Dataset records

○ ○ ○ ○ ○ ○ ○

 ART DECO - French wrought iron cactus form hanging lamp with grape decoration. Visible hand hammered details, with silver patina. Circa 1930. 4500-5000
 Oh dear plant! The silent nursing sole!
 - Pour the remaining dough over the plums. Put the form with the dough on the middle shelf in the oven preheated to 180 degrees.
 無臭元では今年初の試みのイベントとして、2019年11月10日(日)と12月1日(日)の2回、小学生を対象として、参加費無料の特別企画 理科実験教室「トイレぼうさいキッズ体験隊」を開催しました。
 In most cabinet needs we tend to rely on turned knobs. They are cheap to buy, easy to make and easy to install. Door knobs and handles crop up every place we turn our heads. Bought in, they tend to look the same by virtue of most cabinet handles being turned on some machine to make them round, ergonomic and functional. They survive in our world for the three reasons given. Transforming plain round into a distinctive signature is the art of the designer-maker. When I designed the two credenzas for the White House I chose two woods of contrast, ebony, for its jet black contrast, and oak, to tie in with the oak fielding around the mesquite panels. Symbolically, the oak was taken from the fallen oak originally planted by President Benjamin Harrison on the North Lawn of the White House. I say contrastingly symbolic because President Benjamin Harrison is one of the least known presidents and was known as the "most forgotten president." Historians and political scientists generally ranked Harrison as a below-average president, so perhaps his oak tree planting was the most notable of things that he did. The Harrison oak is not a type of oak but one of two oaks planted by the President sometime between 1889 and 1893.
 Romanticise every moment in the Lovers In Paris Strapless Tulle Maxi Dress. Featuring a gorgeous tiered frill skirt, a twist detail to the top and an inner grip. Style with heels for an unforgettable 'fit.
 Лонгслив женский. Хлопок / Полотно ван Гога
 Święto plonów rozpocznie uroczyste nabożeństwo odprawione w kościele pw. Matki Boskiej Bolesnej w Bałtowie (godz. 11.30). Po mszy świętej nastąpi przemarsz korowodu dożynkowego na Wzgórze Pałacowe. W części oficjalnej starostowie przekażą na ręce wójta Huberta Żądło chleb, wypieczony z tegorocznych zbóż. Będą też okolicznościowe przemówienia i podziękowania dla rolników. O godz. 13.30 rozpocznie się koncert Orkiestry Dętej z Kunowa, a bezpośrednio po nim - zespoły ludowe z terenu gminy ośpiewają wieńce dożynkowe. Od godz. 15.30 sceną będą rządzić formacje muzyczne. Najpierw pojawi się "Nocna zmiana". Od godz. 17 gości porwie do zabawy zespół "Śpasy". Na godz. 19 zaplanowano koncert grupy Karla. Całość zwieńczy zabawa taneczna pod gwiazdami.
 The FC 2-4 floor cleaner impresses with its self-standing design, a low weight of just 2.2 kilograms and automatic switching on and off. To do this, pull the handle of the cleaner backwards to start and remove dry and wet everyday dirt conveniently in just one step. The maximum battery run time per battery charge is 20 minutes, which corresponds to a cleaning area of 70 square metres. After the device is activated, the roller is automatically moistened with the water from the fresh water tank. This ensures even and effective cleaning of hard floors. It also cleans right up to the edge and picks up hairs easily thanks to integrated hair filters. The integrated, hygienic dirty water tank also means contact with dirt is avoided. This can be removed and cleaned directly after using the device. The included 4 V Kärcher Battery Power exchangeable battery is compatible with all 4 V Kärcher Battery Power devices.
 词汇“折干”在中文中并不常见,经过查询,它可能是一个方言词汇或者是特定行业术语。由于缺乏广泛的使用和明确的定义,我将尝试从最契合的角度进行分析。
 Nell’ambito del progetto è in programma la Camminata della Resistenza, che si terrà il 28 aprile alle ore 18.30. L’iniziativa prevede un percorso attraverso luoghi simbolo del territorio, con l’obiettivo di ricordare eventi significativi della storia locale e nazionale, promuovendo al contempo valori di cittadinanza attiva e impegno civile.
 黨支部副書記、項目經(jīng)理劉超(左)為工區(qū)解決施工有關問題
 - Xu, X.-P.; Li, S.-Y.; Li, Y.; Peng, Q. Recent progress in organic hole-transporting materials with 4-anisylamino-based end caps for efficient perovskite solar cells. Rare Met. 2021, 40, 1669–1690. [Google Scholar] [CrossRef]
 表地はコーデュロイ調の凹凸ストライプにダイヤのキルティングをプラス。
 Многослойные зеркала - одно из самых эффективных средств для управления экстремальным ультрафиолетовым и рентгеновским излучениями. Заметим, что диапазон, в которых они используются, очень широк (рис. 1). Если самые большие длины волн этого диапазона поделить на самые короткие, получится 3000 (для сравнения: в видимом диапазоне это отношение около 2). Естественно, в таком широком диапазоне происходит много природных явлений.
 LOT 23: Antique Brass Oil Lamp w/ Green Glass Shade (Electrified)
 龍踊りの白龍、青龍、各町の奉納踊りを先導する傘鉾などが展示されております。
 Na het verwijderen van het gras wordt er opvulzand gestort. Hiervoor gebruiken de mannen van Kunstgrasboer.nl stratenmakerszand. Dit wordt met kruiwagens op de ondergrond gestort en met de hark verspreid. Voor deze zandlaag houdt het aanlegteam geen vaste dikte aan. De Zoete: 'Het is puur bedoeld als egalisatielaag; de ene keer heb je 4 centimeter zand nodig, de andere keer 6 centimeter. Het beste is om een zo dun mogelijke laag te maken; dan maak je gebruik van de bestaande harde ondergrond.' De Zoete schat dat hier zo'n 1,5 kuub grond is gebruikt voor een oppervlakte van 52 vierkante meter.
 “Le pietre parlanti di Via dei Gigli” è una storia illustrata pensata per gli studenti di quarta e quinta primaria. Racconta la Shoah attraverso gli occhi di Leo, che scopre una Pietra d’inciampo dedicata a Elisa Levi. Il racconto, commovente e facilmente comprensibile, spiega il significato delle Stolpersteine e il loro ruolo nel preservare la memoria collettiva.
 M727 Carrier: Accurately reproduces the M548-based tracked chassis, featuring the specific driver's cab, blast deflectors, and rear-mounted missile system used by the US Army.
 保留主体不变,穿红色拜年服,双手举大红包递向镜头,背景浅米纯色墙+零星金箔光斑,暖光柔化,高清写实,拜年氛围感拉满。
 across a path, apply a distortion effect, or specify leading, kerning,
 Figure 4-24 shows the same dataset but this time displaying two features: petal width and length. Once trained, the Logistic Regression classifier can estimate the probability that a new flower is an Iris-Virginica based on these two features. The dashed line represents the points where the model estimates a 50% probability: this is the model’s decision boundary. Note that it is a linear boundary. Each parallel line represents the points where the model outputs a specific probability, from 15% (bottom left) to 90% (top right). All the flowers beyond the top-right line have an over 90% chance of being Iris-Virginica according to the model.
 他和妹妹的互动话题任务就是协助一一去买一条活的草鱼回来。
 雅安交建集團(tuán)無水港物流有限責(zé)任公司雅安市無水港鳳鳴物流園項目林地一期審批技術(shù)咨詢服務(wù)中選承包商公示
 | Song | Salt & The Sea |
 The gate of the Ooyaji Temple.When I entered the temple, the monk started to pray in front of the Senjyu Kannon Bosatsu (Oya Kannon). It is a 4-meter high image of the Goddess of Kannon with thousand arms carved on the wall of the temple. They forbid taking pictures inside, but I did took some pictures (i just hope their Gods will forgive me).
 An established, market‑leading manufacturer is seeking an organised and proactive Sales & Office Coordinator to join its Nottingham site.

○ ○ ○ ○ ○ ○ ○

### Task requirements
Among the records, find all lines that include the string "leading" and return them.

### Task result
 across a path, apply a distortion effect, or specify leading, kerning,
 An established, market‑leading manufacturer is seeking an organised and proactive Sales & Office Coordinator to join its Nottingham site.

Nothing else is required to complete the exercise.